The experimental setup consists of 100 sensor nodes uniformly distributed over a 100 m × 100 m field, each initialized with 0.5 J of energy. Transmission and reception costs are set to 0.01 J/packet and 0.005 J/packet, respectively. The proposed method is benchmarked against four baselines: (1) LEACH, (2) HEED, (3) PSO‑LEACH, and (4) the original AFSA with fixed visual range and distance‑only fitness. Performance is evaluated using four metrics: stability period (round when the first node dies), network lifetime (round when the last node dies), throughput (total successfully delivered packets), and average energy consumption per round.
Results show that the modified AFSA achieves a stability period of approximately 1,200 rounds, a 45 % improvement over LEACH (≈ 800 rounds) and a 14 % gain over PSO‑LEACH (≈ 1,050 rounds). The overall network lifetime reaches about 2,800 rounds, surpassing the original AFSA (≈ 2,300 rounds) and LEACH (≈ 1,800 rounds). Throughput is the highest among all tested schemes (≈ 45,000 packets), and average energy consumption per round drops to 0.003 J, a 15 % reduction relative to the unmodified AFSA. Convergence speed also improves markedly: the proposed algorithm typically finds a near‑optimal clustering configuration within 90 iterations, compared with roughly 150 iterations required by the standard AFSA.

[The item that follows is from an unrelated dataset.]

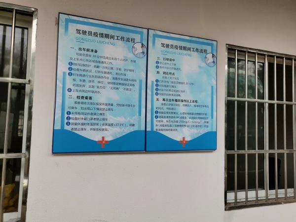 为了让师生放心乘座学校班车,我们在班车排队等候区放置了乘车流程展板,提示乘客乘车规范、介绍车队在防控疫情期间的消毒程序。师生可以按照展板提示,配合车队工作人员进行乘车前检查消毒工作:隔位排队、戴口罩、测量体温、刷卡上车、师生隔位乘座等。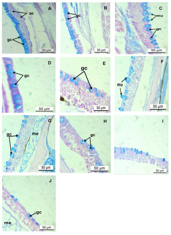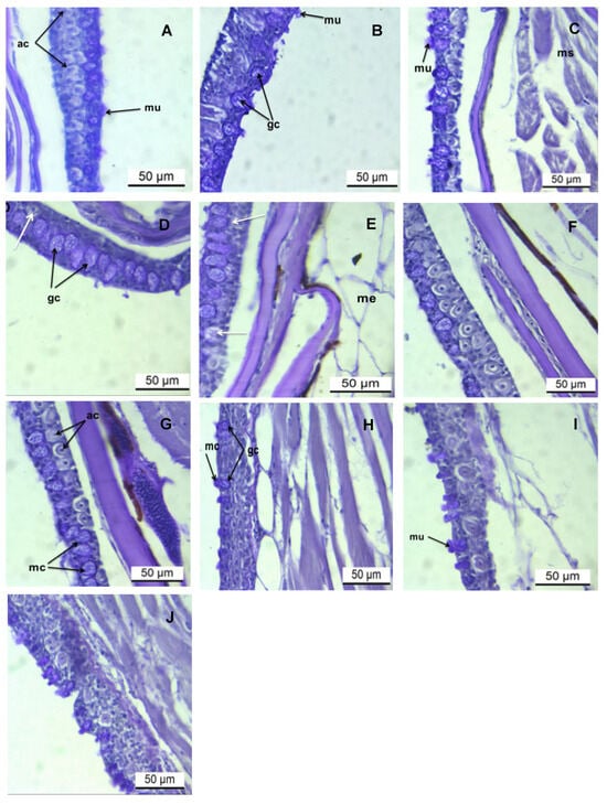 Longitudinal sections of zebrafish skin from treatment with various concentrations of AgNPs. Alcian blue (AB pH 2.5) stain. Scale bar = 50 µm. (A) shows a control slide. (B–D) shows sections exposed to 0.031 μg/L, 24, 48, and 96 h, respectively. (E–G) shows sections exposed to 0.250 μg/L, 24, 48, and 96 h, respectively. (H–J) show sections exposed to 5.000 μg/L, 24, 48, and 96 h, respectively. Abbreviations: ac, alarm cells; gc, goblet cells; mu, mucous; me, mesenchyme; the white arrows indicates irregularly shaped alarm cells.

The authors acknowledge several limitations. Simulations assume static node positions, homogeneous initial energy, and constant traffic, ignoring realistic factors such as channel fading, packet loss, node failures, and mobility. Consequently, the reported gains may differ in real deployments. Future work is suggested to incorporate dynamic topologies, heterogeneous energy profiles, and multi‑objective optimization (e.g., latency, reliability, security) into an extended AFSA framework, as well as to validate the approach on physical sensor testbeds.
In summary, by integrating a dynamically shrinking visual range, an energy‑aware fitness evaluation, and an adaptive follow strategy, the paper successfully enhances AFSA’s balance between exploration and exploitation, leading to faster convergence and more equitable energy distribution in WSN clustering. The proposed method demonstrates superior performance over several state‑of‑the‑art algorithms, making it a promising candidate for energy‑constrained sensing applications such as environmental monitoring, disaster detection, and industrial IoT deployments.